Training Objective (ELBO & Simplified Loss)
Training optimizes a variational lower bound (ELBO) on the data likelihood, similar to VAEs. This ELBO can be expressed as a sum of KL divergence terms comparing the reverse process steps to tractable posteriors of the forward process. However, the authors found that a simplified objective function works very well. Instead of directly predicting the mean of the previous state x_{t-1}, the network is trained to predict the noise (ε) that was added during the corresponding forward step. The simplified objective (L_simple) becomes a simple mean squared error between the true noise and the predicted noise (ε_θ). This formulation connects diffusion models to denoising score matching and Langevin dynamics.

Key Takeaways (What I Learned)

Predicting Noise, Not the Image (Directly)
Initially, the idea of training the network to predict noise (ε_θ) was confusing. Why predict random noise? The insight was that it’s not predicting any noise, but the specific noise vector ε that was sampled and added to a specific x_0 at a specific step t to produce the input x_t. By doing this across all timesteps and data points, the network learns the relationship between noise patterns and image structures at different noise levels. It learns the “directionality” needed to remove noise correctly.

The Simplified Loss Works Surprisingly Well
The paper proposes using a simplified objective (L_simple, Eq. 14) which ignores the complex weighting terms present in the full variational bound (derived from Eq. 12). It’s just a mean squared error on the predicted noise. It felt like this was offloading a lot of the theoretical complexity onto the neural network’s learning capacity, but empirically, it leads to the best sample quality. This practical simplification was a significant takeaway.

Discrete Data Needs Care at the End
Since the diffusion process operates in continuous space (adding Gaussian noise), but image data is typically discrete (e.g., pixel values 0-255), the final step of the reverse process needs special handling. Equation 13 describes how to get discrete log-likelihoods by integrating the final continuous Gaussian output N(x_0; μ_θ(x_1, 1), σ_1^2 * I) over the appropriate “bins” corresponding to each discrete pixel value. It’s a necessary step to bridge the continuous model and discrete data.
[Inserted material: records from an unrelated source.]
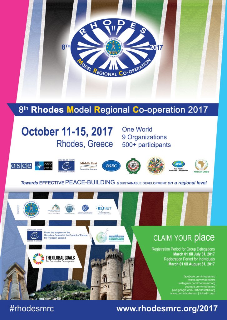 Μετά από σχετικό αίτημα της Οργανωτικής Επιτροπής, το Διεθνές Συνέδριο Προσομοίωσης Διεθνών Περιφερειακών Οργανισμών Ρόδου ή RhodesMRC εντάχθηκε επίσημα στο ημερολόγιο του Παγκόσμιου Οργανισμού Τουρισμού για τους εορτασμούς του Διεθνούς Έτους Βιώσιμου Τουρισμού για την Ανάπτυξη. Δείτε το σχετικό σύνδεσμο εδώ: http://www.tourism4development2017.org/events/rhodes-model-regional-co-operation-2017/ -Το RhodesMRC 2017 αναγνωρίσθηκε ως επίσημη εκδήλωση του Διεθνούς Έτους Βιώσιμου Τουρισμού για δύο βασικούς ρόλους: 1. αποτελεί ένα εξαιρετικό παράδειγμα ακαδημαϊκού τουρισμού που εκκολάπτει ταξιδιώτες που εκτιμούν τη διαφορετικότητα, σέβονται την πολιτιστική κληρονομιά και ανακαλύπτουν τον τόπο φιλοξενίας τους και 2. συμπεριλαμβάνει στην ατζέντα των προσομοιούμενων επιτροπών του θέματα σχετικά με τον τουρισμό και την βιωσιμότητα.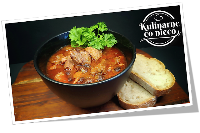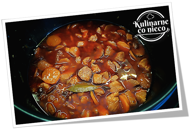 min. Na koniec dodać wcześniej podsmażone mięso, zalać całość bulionem, dodać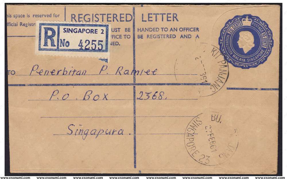 Malaya Singapore - Queen Elizabeth II : Registered Envelope (1961)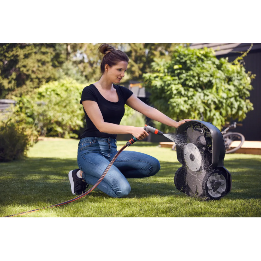 Facile à nettoyer, il est équipé d’une protection antigel qui suspend automatiquement la tonte en cas de gel, ainsi que d’une minuterie adaptative ajustant les temps de tonte selon la saison afin de préserver la qualité du gazon.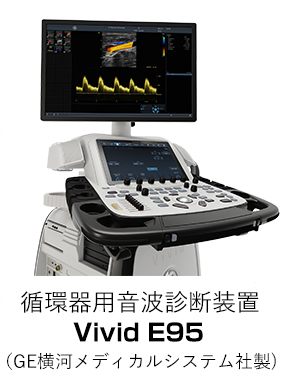 当院ではGE社製ビビッドE95という最新鋭の心エコー専用装置を入れており、画質が鮮明で細かいところまで観察でき、血流の評価や負荷心エコー法についても最先端のことができます。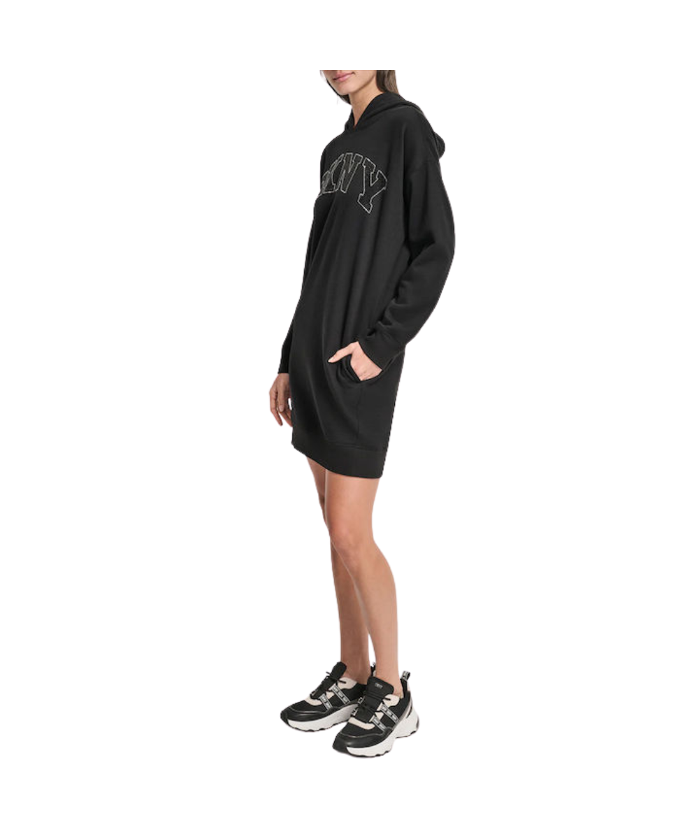 This women's dress from DKNY combines comfort and style, ideal for everyday looks. It is made with a sweatshirt cut, offering a modern feel while ensuring freedom of movement.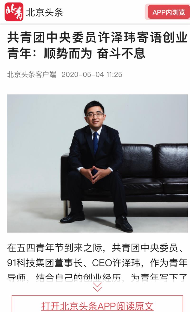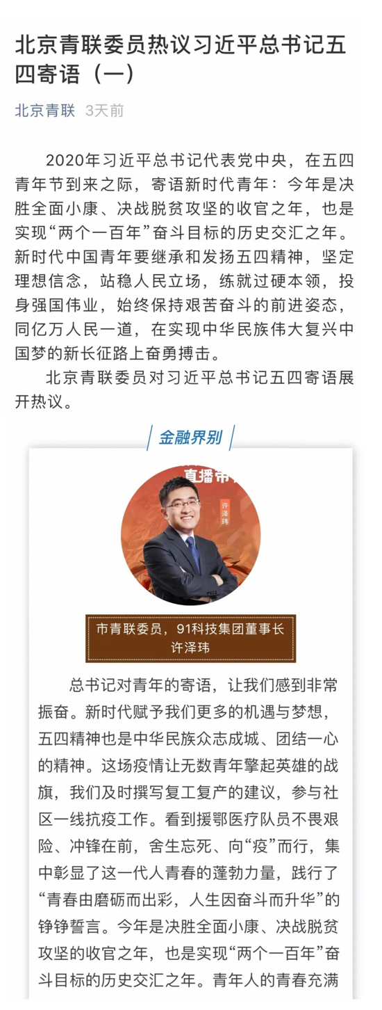 北京头条、北京青联报道91科技集团许泽玮:牢记总书记对新时代青年寄语 成为堪当大任的新时代青年

Good Samples, Okay Likelihood
The paper notes that while DDPMs achieve excellent sample quality (state-of-the-art FID scores at the time), their log-likelihoods (NLL) weren’t as competitive as some other likelihood-based models like flows or autoregressive models. This suggests an interesting trade-off: the inductive bias of the diffusion process seems particularly good for perceptual quality, even if it doesn’t assign the absolute highest probability density to the training data compared to models explicitly optimizing NLL.

Math is Dense, Intuition is Key
The paper is mathematically quite dense, especially the derivations connecting the ELBO to the noise prediction objective. Following every step was challenging. However, the core intuition: reversing a gradual noising process by learning to predict the noise added at each step, is relatively clear and provides a good handle on how these models work.

Connection to Score Matching & Langevin Dynamics
The noise prediction parameterization ε_θ explicitly connects DDPM training to denoising score matching across multiple noise scales, and the sampling process (Algorithm 2) resembles annealed Langevin dynamics. This provides a link to other areas of generative modeling and physics-inspired methods.

Summary & Final Thoughts

DDPMs offer a powerful approach to generative modeling by learning to reverse a fixed diffusion process. The key idea of predicting the added noise at each step, trained with a simplified objective, leads to state-of-the-art sample quality. While the underlying theory is mathematically involved, the core mechanism is intuitive. The trade-off between excellent sample quality and good-but-not-best likelihood scores highlights the unique properties of this model class. It’s a dense paper, but the core ideas are worth understanding.